# sleeves



## Connie Sutherland (Mar 27, 2006)

Does anyone have (or know where to get, I mean) a sleeve for lefties? 

Not an "ambi" sleeve, which are everywhere.


----------



## Howard Gaines III (Dec 26, 2007)

Did you try Ray Allen?


----------



## Connie Sutherland (Mar 27, 2006)

Howard Gaines III said:


> Did you try Ray Allen?


No. I just googled.


I will, thanks.


----------



## Geoff Empey (Jan 8, 2008)

Pierre I'm sure makes them give him a call. Can-Am Training supplies .. 1 (877)-473-k9k9 (5959) toll free anywhere in N/A


----------



## Connie Sutherland (Mar 27, 2006)

Geoff Empey said:


> Pierre I'm sure makes them give him a call. Can-Am Training supplies .. 1 (877)-473-k9k9 (5959) toll free anywhere in N/A


I did, but I get voice mail. I was kinda hoping to get an immediate "yes" and a price. But yes, I'll leave a message.

Thanks, all!


----------



## Mario Fernandez (Jun 21, 2008)

Connie:

Lots of places you can get a sleeve. What brand are you looking for? I was in the market for a right handed sleeve, did not want to pay $150+ for a right handed sleeve I was only going to use once in a while. Bought myself a Bende right handed sleeve. I like it alot, so do the other helpers..LOL

try this site free shipping on $100 or more...

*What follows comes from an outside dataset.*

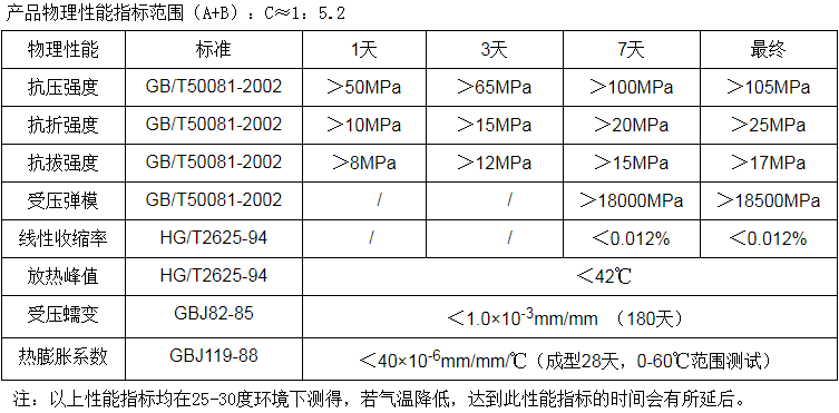 2、低放熱峰值:可提供長達(dá)120分鐘(25℃)的操作時間,適合大體積灌漿使用.

http://www.itbitez.net/servlet/StoreFront


----------



## Connie Sutherland (Mar 27, 2006)

Ah! Found Schweikert at allK-9.com.

Thank you, folks.


----------



## Howard Gaines III (Dec 26, 2007)

Connie Sutherland said:


> No. I just googled.
> 
> 
> I will, thanks.


You could also try Jim Hill from the Greater Philadelhia Schutzhund Club. He deals with a company that makes the Beglian Arm sleeve. Super fast and light weight. I an't find his number as it has been 10+/- years. I think his company is Wyndmoor Kennels???


----------



## David Frost (Mar 29, 2006)

Connie Sutherland said:


> Does anyone have (or know where to get, I mean) a sleeve for lefties?
> 
> Not an "ambi" sleeve, which are everywhere.


You might try Harddog as well. I like their stuff. 

DFrost


----------



## Connie Sutherland (Mar 27, 2006)

Wow, THANKS, all.


----------



## Gerry Grimwood (Apr 2, 2007)

maybe just for price comparison, this Co. ships anywhere and are prompt, they answer their phones too.

http://dogsportgear.com/bite_bar_trial_sleeves.htm


----------



## Connie Sutherland (Mar 27, 2006)

Gerry Grimwood said:


> ... this Co. ships anywhere and are prompt, they answer their phones too.
> 
> http://dogsportgear.com/bite_bar_trial_sleeves.htm


Same price, too!

Thanks!


----------



## Mike charatin (Apr 9, 2008)

Connie Sutherland said:


> Ah! Found Schweikert at allK-9.com.
> 
> Thank you, folks.


If you like scheweikert check kraftwerk k9 .com there prices used to be pretty good. I am going to try allk-9.com to compare. Thanks.


----------



## Mario Fernandez (Jun 21, 2008)

dogsportgear and allk-9.com sell all the same stuff. Ralph Giby at Dogsportgear.com is a very nice person and has excellant customer service. Another place is bill forbes at www.fullgripgear.com

Lots of good places for sleeves it just depends on the brand you what....


----------



## Lee H Sternberg (Jan 27, 2008)

I like those guys too, Gerry. They have their act together plus real personable. They know their product line.


----------